◆ Problem requirements ◆
Search the material for the word "looking" and report each line where it turns up.

◆ Available records ◆
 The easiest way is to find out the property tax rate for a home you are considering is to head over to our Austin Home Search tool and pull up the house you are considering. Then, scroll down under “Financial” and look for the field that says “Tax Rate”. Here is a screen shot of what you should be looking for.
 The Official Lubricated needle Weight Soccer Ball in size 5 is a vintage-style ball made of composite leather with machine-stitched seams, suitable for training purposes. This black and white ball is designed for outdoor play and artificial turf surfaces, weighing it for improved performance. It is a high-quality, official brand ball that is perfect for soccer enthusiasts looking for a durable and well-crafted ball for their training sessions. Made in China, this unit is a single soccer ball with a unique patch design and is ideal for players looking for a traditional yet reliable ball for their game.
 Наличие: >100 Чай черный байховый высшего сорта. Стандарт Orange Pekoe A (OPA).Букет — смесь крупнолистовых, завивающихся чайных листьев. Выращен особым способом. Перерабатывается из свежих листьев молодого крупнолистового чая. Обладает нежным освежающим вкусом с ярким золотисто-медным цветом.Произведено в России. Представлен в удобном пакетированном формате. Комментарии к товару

* * *

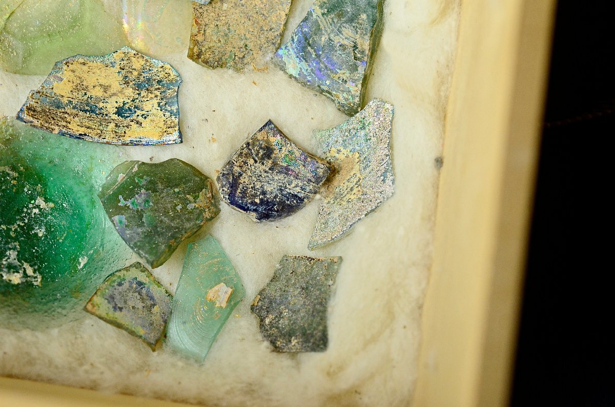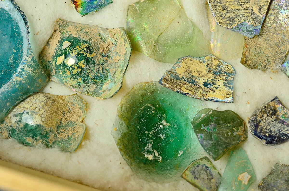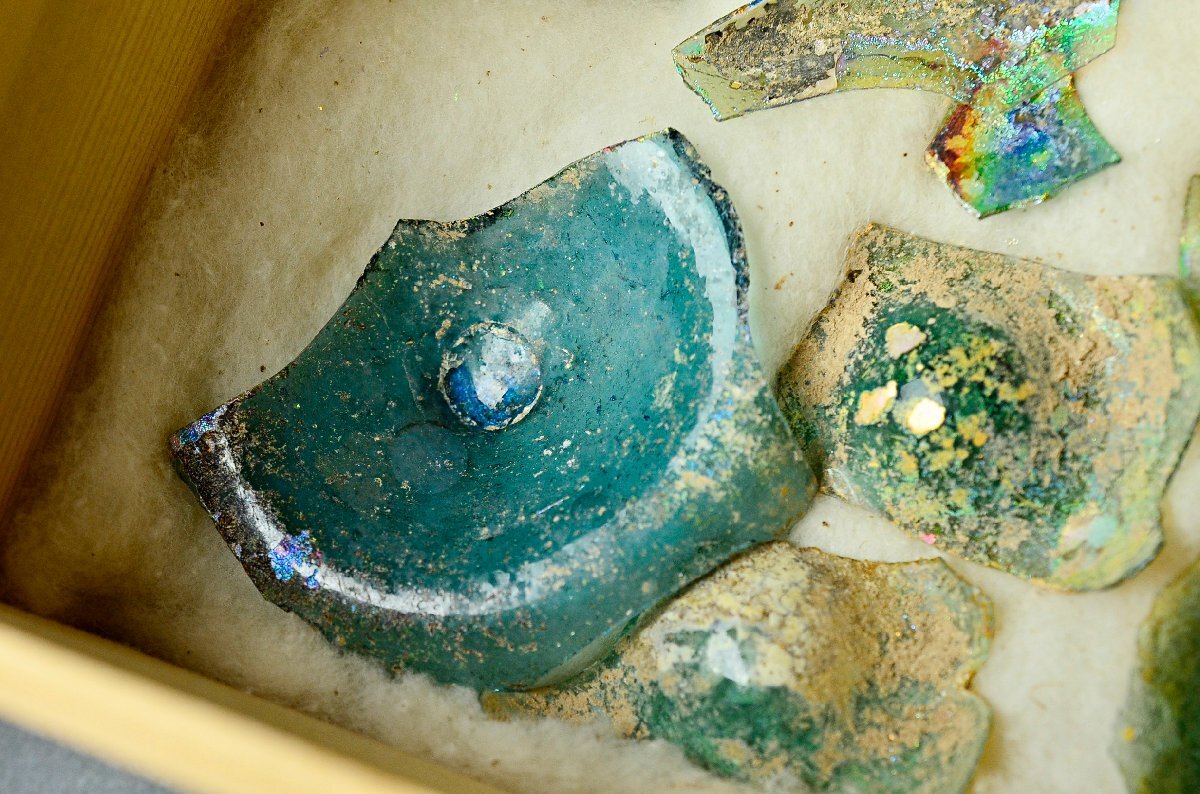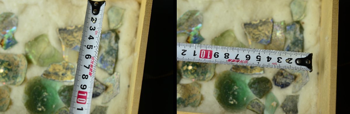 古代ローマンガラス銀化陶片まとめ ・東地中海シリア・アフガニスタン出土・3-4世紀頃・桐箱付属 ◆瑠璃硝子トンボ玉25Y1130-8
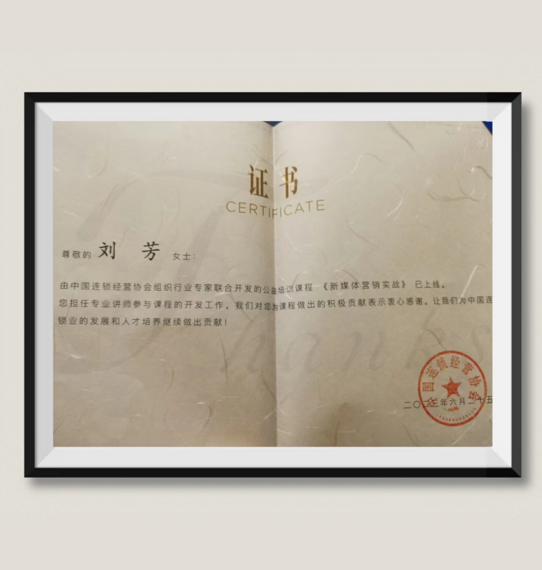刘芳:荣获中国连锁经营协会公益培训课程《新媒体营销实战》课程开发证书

◆ Result of the exercise ◆
 The easiest way is to find out the property tax rate for a home you are considering is to head over to our Austin Home Search tool and pull up the house you are considering. Then, scroll down under “Financial” and look for the field that says “Tax Rate”. Here is a screen shot of what you should be looking for.
 The Official Lubricated needle Weight Soccer Ball in size 5 is a vintage-style ball made of composite leather with machine-stitched seams, suitable for training purposes. This black and white ball is designed for outdoor play and artificial turf surfaces, weighing it for improved performance. It is a high-quality, official brand ball that is perfect for soccer enthusiasts looking for a durable and well-crafted ball for their training sessions. Made in China, this unit is a single soccer ball with a unique patch design and is ideal for players looking for a traditional yet reliable ball for their game.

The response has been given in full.